> **Exercise**
Please repeat exactly the lines from the one containing "The search modal" through the last line of the records below, both included, and leave out any pictures.

### Data for analysis ###

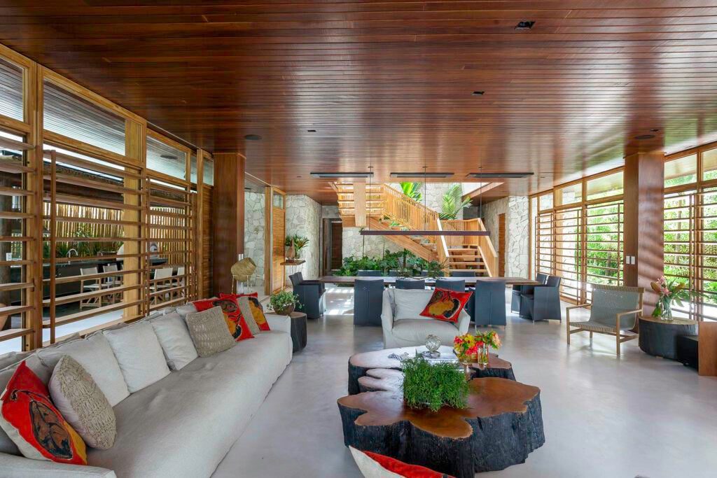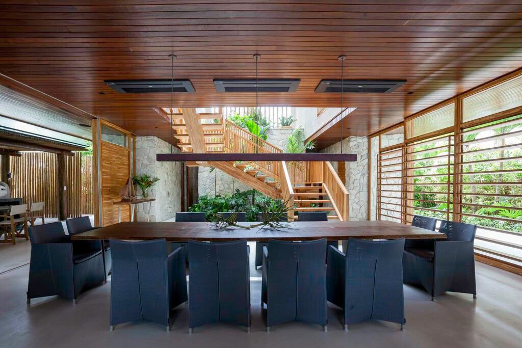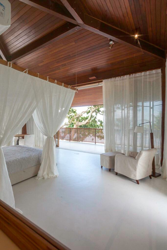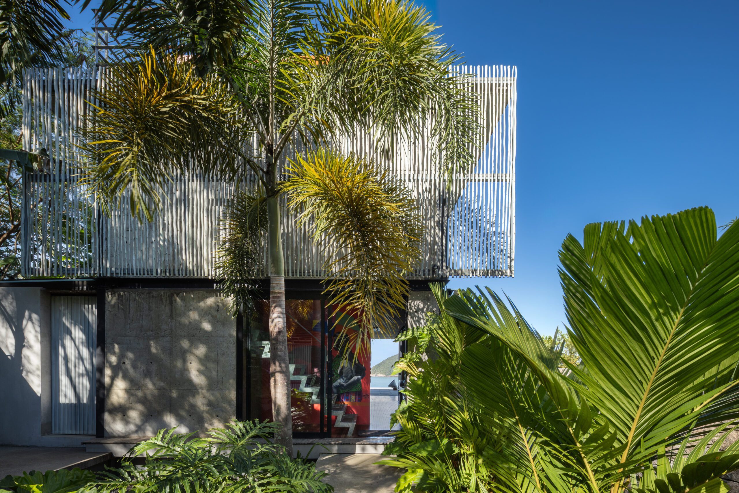 Com dois pavimentos, a casa foi idealizada para um empresário de 74 anos e suas duas filhas. O projeto reflete a conexão emocional do cliente com a ilha, que frequenta há mais de 40 anos.
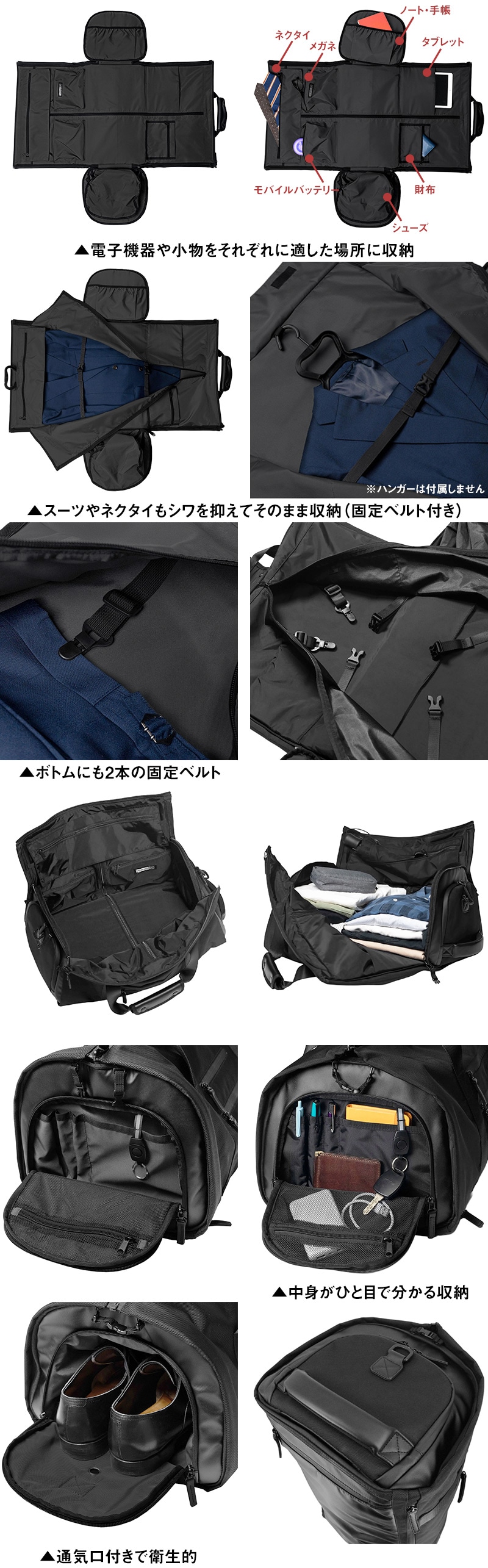 このバッグひとつでスーツ、ワイシャツ、靴、ネクタイ、折りたたみ傘などをまとめて収納できます。TRAVELLER PLUSからPC収納ポケットも追加され、出張などで更に活躍します◎
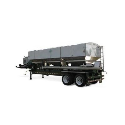 The 34 foot trailer is a dual axle, drop deck design. The 10 foot top deck has a mild steel plate cover, and a set of mild steel catwalks. These allow the operator access to the motor, hydraulics, tanks, and front bin levels. A set of fenders on the rear keep mud and water from being thrown by the tires. Access to the rear bin levels is accomplished by climbing the ladder mounted on the rear of the unit.
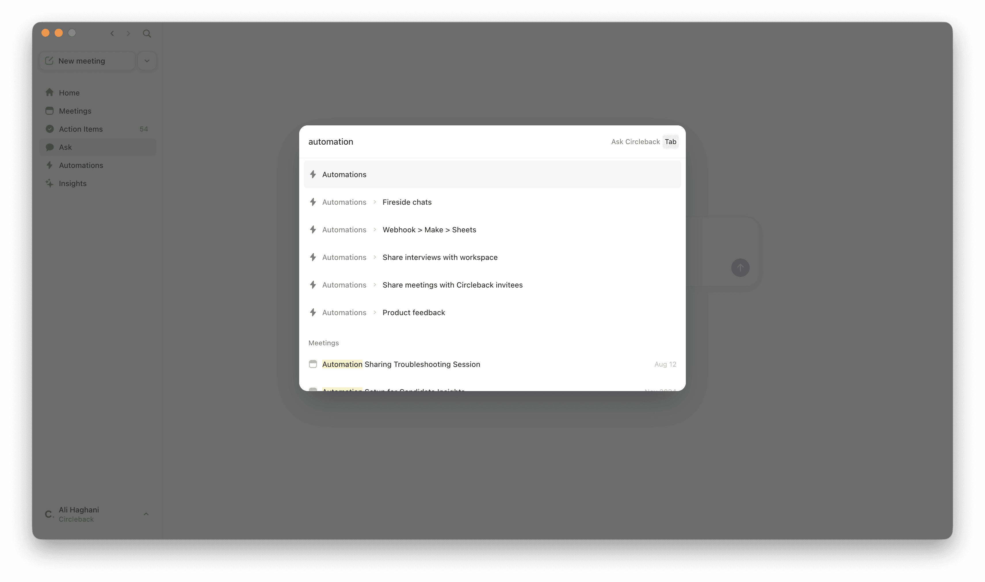 The search modal now doubles as a way to navigate anywhere in Circleback. Press ⌘K (Ctrl K on Windows), /, or tap the search icon to open it, then type where you want to go. Type "calendar," hit enter, and you're in your calendar settings. Type the name of an automation, an insight, or "new meeting" and go straight there. No clicking through menus.
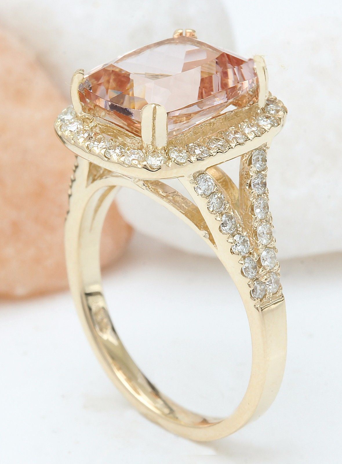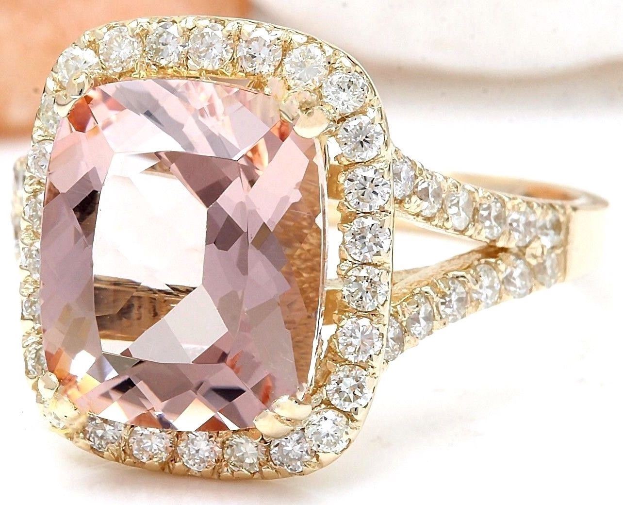 4.63 Carat Natural Morganite 18K Solid Yellow Gold Diamond Ring

###

> **Response for this exercise**
 The search modal now doubles as a way to navigate anywhere in Circleback. Press ⌘K (Ctrl K on Windows), /, or tap the search icon to open it, then type where you want to go. Type "calendar," hit enter, and you're in your calendar settings. Type the name of an automation, an insight, or "new meeting" and go straight there. No clicking through menus.
 4.63 Carat Natural Morganite 18K Solid Yellow Gold Diamond Ring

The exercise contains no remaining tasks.